Question

The electrostatic force between the metal plates of an isolated parallel plate capacitor C having a charge Q and area A, is: -
(1) independent of the distance between the plates.
(2) linearly proportional to the distance between the plates
(3) proportional to the square root of the distance between the plates.
(4) inversely proportional to the distance between the plates.

Answer 1

Hint: We are given a parallel plate capacitor. We know that the two plates are oppositely charged, the charges are equal in magnitude but opposite in polarity. and when connected to a source of emf, it conducts electricity but after it gets fully charged it stops, so there must be presence of an electric field.

Complete step by step answer:
Let q be the charge on each plate, the electric force is given as \[F=qE\]. Also, we know the electric fixed between two charged plates is given as \[E=\dfrac{\sigma }{2{{\varepsilon }_{0}}}\]
So, force becomes, \[F=\dfrac{q\sigma }{2{{\varepsilon }_{0}}}\]. Now we know \[\sigma \]is surface charge density, expanding it we get, \[F=\dfrac{{{q}^{2}}}{2A{{\varepsilon }_{0}}}\]
Thus, from the above equation, Electrostatic force is independent of distance between plates.

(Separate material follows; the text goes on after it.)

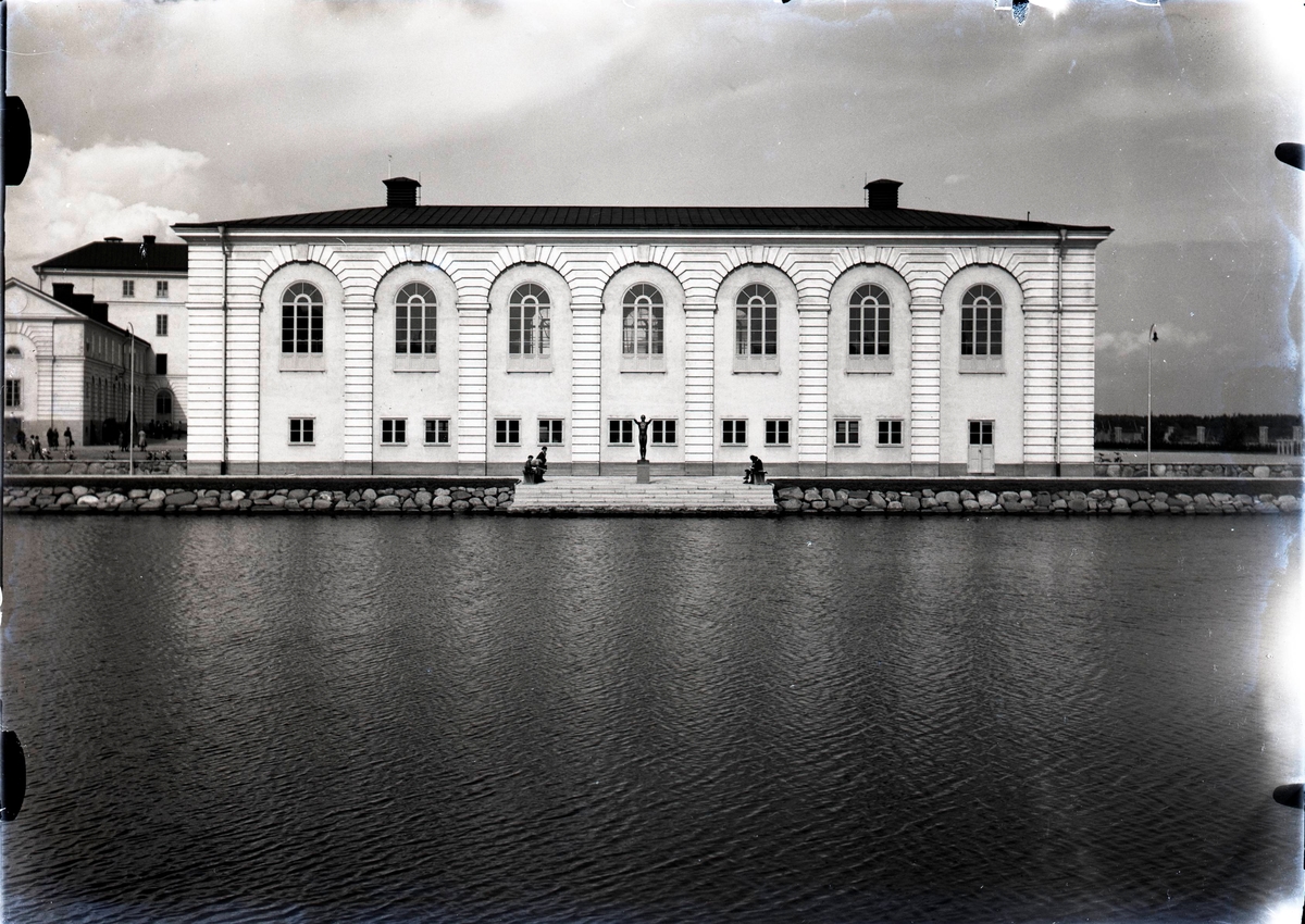 Stagneliusskolans gymnastiksal med skulpturen Simhopparen av Carl Eldh vid Stagneliusskolan.

So, the correct answer is “Option 1”.

Additional Information:
Apart from parallel plate capacitors, there exist a class of capacitors which are cylindrical in shape. A cylindrical capacitor consists of a hollow or a solid cylindrical conductor surrounded by another concentric hollow spherical cylinder. Here the length is the same for both but the radius is different. The charges are equal in magnitude but opposite in polarity.

Note:
While using the surface charge density the total charge is divided by the total area. We know for a conductor any excess charge resides on the surface of the conductor and there is no charge in the vicinity of the conductor. That's why the electric field inside a conductor is zero.